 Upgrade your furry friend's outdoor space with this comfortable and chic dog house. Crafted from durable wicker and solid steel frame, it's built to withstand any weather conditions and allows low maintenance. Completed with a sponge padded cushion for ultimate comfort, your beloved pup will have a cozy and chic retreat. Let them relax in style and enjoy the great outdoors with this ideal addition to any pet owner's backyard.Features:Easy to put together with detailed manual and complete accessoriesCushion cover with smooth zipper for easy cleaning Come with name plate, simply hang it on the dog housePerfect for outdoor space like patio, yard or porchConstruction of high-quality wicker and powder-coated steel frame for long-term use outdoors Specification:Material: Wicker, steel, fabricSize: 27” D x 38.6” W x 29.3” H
____
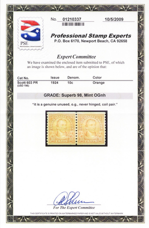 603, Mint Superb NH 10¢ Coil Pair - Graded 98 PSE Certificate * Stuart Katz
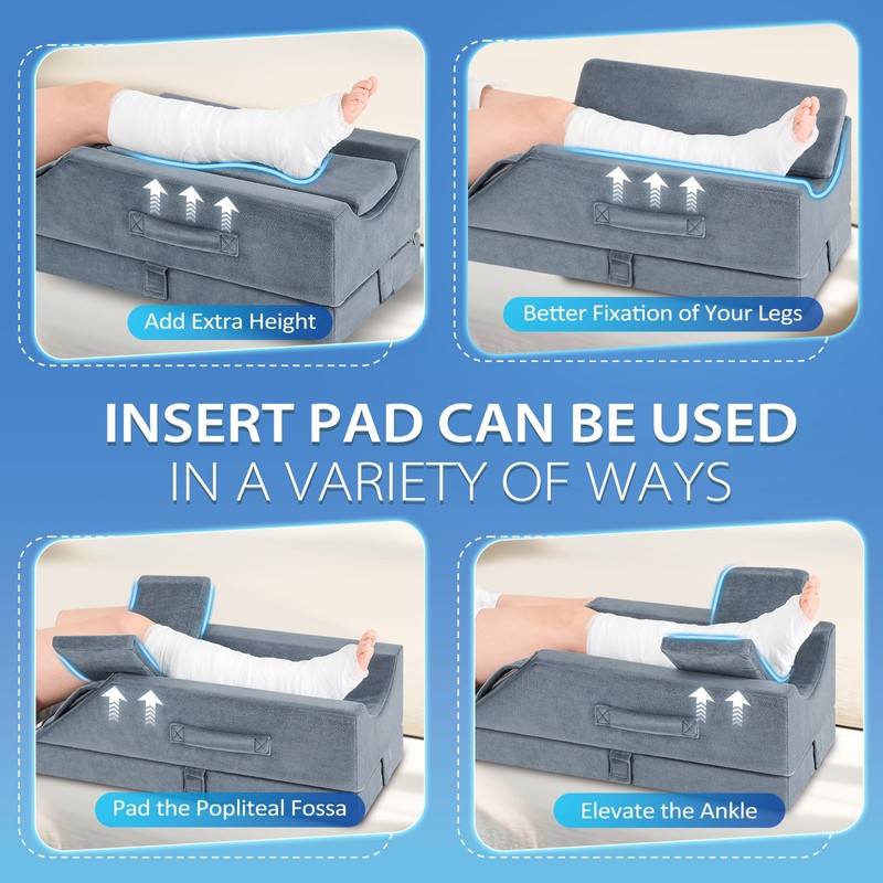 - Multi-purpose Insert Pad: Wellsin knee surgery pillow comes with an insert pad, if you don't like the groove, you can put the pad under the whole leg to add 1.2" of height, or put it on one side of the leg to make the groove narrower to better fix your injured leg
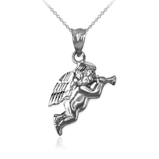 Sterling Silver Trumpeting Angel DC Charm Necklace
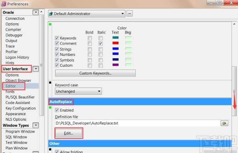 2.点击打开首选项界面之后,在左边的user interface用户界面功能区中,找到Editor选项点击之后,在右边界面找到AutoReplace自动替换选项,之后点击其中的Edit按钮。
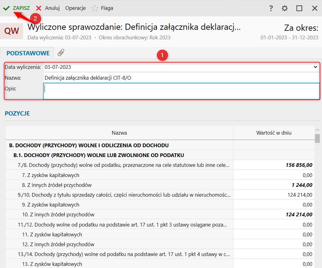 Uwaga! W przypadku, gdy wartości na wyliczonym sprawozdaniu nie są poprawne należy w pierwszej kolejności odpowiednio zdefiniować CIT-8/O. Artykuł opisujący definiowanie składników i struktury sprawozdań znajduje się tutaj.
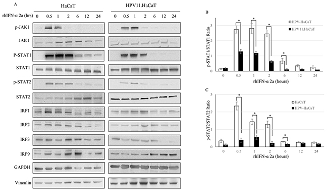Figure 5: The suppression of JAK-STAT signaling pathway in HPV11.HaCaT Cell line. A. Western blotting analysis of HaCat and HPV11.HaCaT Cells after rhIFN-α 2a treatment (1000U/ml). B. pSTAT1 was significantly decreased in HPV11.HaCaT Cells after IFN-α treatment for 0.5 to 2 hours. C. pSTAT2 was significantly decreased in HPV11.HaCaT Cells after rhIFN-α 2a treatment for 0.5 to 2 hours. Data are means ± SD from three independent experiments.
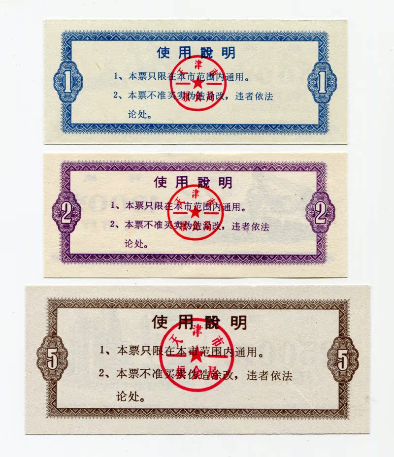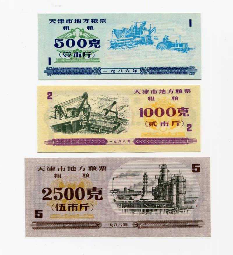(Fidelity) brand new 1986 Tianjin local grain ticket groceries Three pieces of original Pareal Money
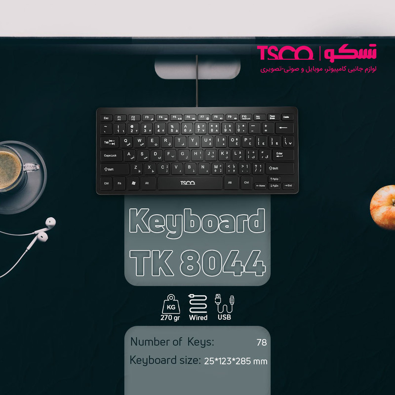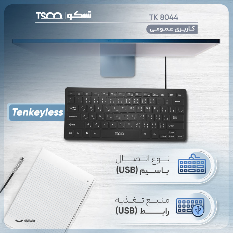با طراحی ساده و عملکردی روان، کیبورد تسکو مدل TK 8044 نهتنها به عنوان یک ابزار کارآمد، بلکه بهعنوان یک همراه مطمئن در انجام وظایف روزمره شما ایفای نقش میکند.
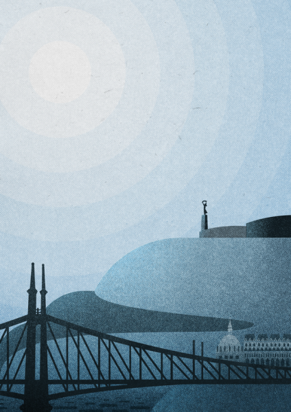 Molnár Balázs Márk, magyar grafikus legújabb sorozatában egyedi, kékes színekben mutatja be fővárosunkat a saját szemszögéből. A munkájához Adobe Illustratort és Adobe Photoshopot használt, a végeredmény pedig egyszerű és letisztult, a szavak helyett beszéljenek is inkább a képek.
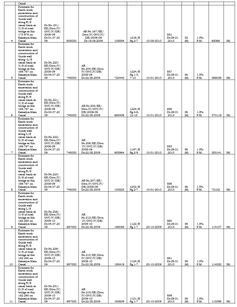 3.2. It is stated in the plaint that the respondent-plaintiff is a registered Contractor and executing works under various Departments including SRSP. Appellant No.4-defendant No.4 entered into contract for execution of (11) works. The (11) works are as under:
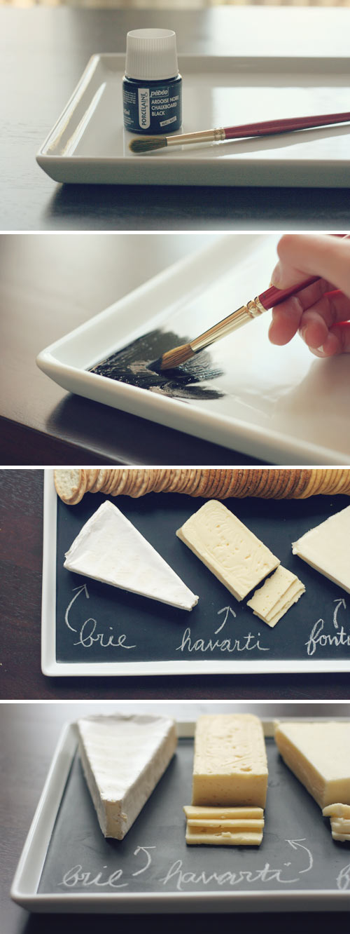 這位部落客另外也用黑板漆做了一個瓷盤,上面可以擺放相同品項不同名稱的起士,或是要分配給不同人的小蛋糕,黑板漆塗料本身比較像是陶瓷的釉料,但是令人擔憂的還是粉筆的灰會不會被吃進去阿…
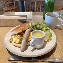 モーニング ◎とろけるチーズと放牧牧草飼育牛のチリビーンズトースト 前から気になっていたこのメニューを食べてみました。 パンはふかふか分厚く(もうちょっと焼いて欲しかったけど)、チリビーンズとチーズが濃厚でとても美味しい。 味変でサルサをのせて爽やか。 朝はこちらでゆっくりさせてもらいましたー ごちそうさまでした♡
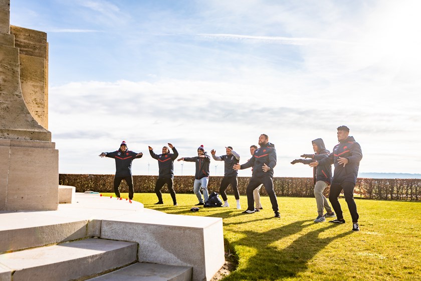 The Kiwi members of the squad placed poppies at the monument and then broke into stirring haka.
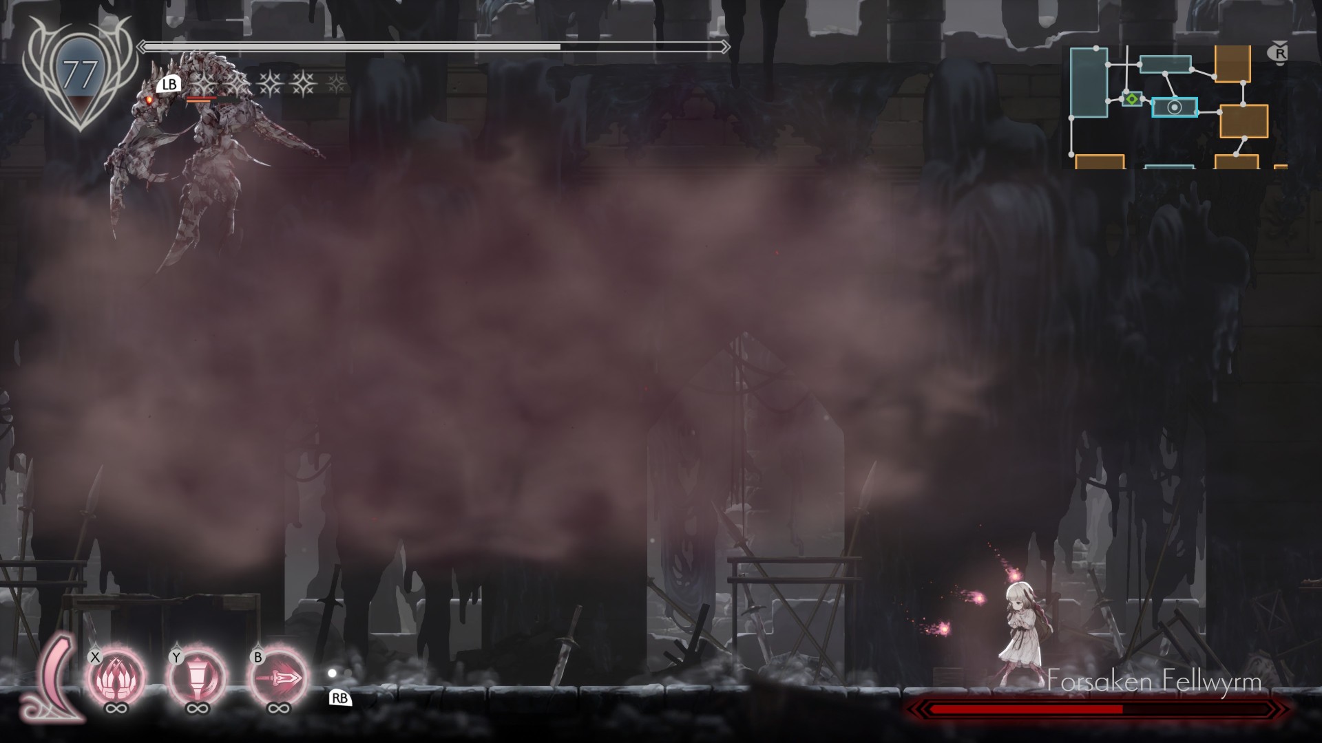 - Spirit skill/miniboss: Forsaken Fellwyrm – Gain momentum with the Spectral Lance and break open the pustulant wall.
____
### PROBLEM TO SOLVE
Using the data above, set down each line from the line with "Sterling Silver Trumpeting" to the line with "Uwaga! W przypadku, gdy" exactly, both ends included, and leave the pictures behind. Nothing else belongs.

### WRITTEN SOLUTION
 Sterling Silver Trumpeting Angel DC Charm Necklace
 2.点击打开首选项界面之后,在左边的user interface用户界面功能区中,找到Editor选项点击之后,在右边界面找到AutoReplace自动替换选项,之后点击其中的Edit按钮。
 Uwaga! W przypadku, gdy wartości na wyliczonym sprawozdaniu nie są poprawne należy w pierwszej kolejności odpowiednio zdefiniować CIT-8/O. Artykuł opisujący definiowanie składników i struktury sprawozdań znajduje się tutaj.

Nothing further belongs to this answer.